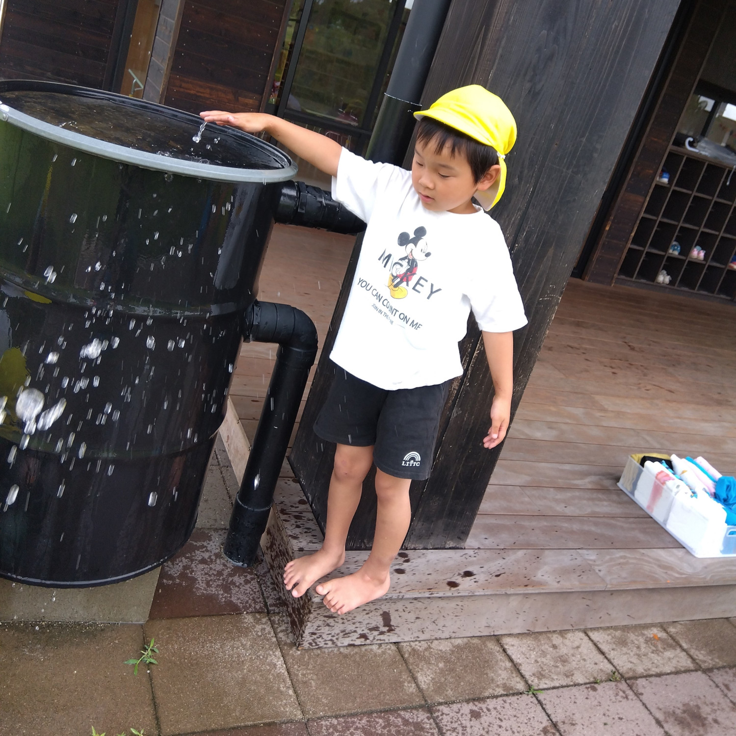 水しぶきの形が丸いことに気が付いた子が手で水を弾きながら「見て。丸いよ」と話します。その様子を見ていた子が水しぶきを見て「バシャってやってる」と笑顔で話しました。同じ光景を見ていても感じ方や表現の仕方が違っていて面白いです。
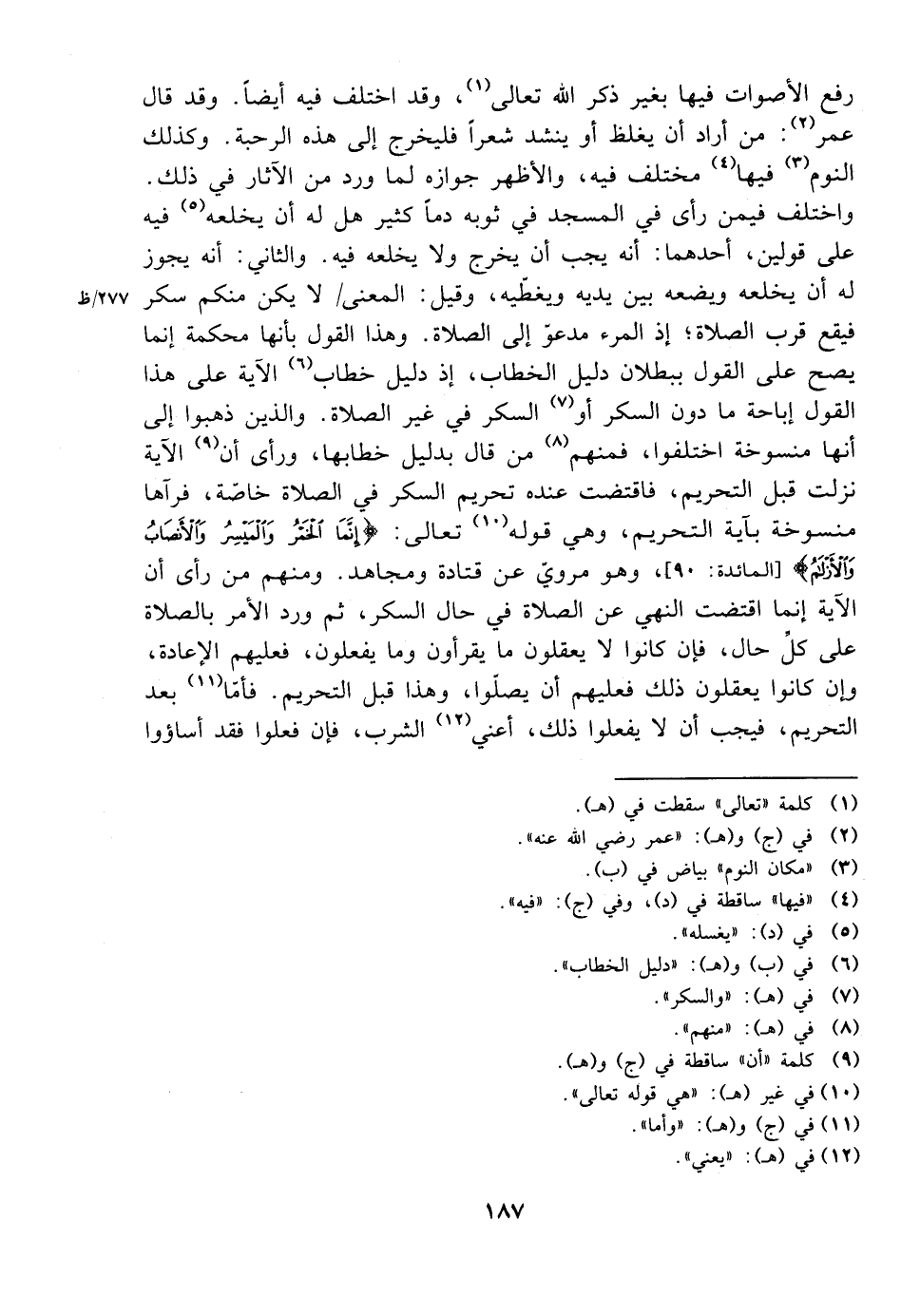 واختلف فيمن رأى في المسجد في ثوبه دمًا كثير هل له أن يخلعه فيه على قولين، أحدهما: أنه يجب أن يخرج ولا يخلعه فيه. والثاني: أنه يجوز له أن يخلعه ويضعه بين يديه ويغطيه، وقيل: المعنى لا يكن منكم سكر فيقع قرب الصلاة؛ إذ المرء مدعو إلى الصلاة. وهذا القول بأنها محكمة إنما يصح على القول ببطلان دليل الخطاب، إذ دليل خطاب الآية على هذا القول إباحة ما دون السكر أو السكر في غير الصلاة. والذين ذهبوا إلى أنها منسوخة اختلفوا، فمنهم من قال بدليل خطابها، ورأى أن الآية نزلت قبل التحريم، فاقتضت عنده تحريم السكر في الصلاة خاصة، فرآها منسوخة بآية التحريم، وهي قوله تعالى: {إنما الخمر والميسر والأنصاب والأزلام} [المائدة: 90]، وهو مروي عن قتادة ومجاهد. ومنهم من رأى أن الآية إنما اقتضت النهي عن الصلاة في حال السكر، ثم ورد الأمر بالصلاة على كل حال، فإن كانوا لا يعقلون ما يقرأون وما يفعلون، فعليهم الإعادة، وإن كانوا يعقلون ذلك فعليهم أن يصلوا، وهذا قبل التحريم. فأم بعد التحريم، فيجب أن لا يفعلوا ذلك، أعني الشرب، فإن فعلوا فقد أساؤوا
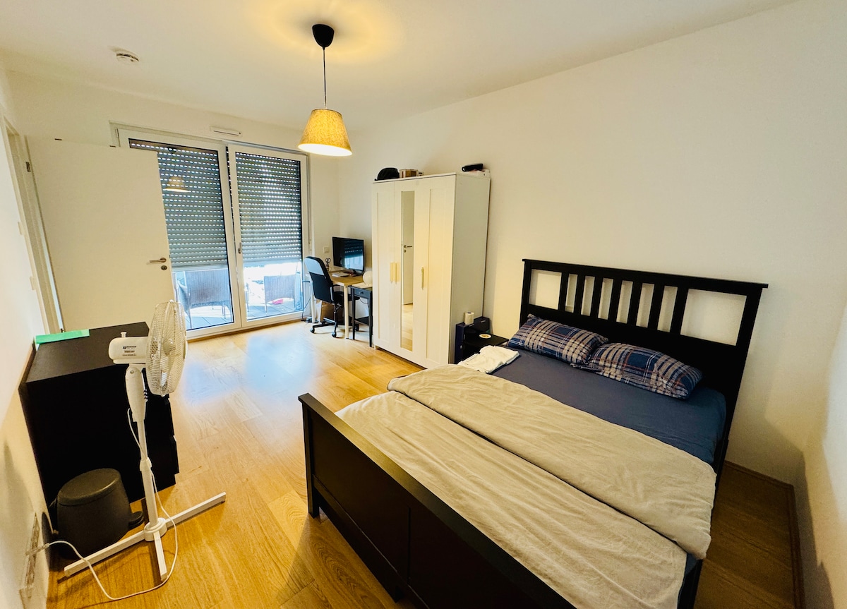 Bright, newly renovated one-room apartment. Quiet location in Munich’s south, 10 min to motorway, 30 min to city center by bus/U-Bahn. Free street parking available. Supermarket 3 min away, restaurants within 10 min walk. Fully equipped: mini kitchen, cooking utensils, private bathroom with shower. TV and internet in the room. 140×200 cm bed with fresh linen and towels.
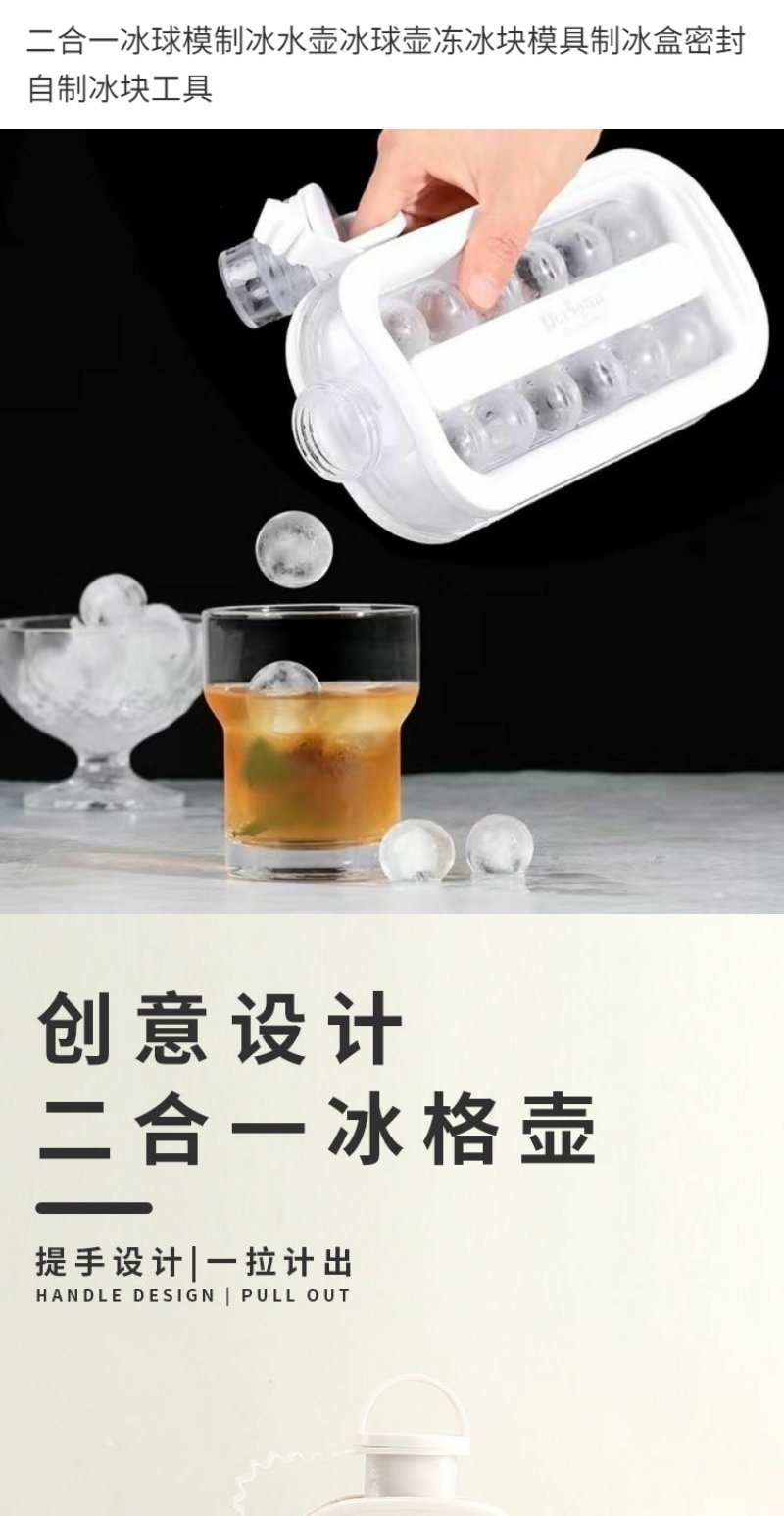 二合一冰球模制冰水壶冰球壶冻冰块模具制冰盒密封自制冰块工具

=== Work to complete ===
Are you able to set down all the lines above exactly, without any pictures?

=== Solved exercise ===
 水しぶきの形が丸いことに気が付いた子が手で水を弾きながら「見て。丸いよ」と話します。その様子を見ていた子が水しぶきを見て「バシャってやってる」と笑顔で話しました。同じ光景を見ていても感じ方や表現の仕方が違っていて面白いです。
 واختلف فيمن رأى في المسجد في ثوبه دمًا كثير هل له أن يخلعه فيه على قولين، أحدهما: أنه يجب أن يخرج ولا يخلعه فيه. والثاني: أنه يجوز له أن يخلعه ويضعه بين يديه ويغطيه، وقيل: المعنى لا يكن منكم سكر فيقع قرب الصلاة؛ إذ المرء مدعو إلى الصلاة. وهذا القول بأنها محكمة إنما يصح على القول ببطلان دليل الخطاب، إذ دليل خطاب الآية على هذا القول إباحة ما دون السكر أو السكر في غير الصلاة. والذين ذهبوا إلى أنها منسوخة اختلفوا، فمنهم من قال بدليل خطابها، ورأى أن الآية نزلت قبل التحريم، فاقتضت عنده تحريم السكر في الصلاة خاصة، فرآها منسوخة بآية التحريم، وهي قوله تعالى: {إنما الخمر والميسر والأنصاب والأزلام} [المائدة: 90]، وهو مروي عن قتادة ومجاهد. ومنهم من رأى أن الآية إنما اقتضت النهي عن الصلاة في حال السكر، ثم ورد الأمر بالصلاة على كل حال، فإن كانوا لا يعقلون ما يقرأون وما يفعلون، فعليهم الإعادة، وإن كانوا يعقلون ذلك فعليهم أن يصلوا، وهذا قبل التحريم. فأم بعد التحريم، فيجب أن لا يفعلوا ذلك، أعني الشرب، فإن فعلوا فقد أساؤوا
 Bright, newly renovated one-room apartment. Quiet location in Munich’s south, 10 min to motorway, 30 min to city center by bus/U-Bahn. Free street parking available. Supermarket 3 min away, restaurants within 10 min walk. Fully equipped: mini kitchen, cooking utensils, private bathroom with shower. TV and internet in the room. 140×200 cm bed with fresh linen and towels.
 二合一冰球模制冰水壶冰球壶冻冰块模具制冰盒密封自制冰块工具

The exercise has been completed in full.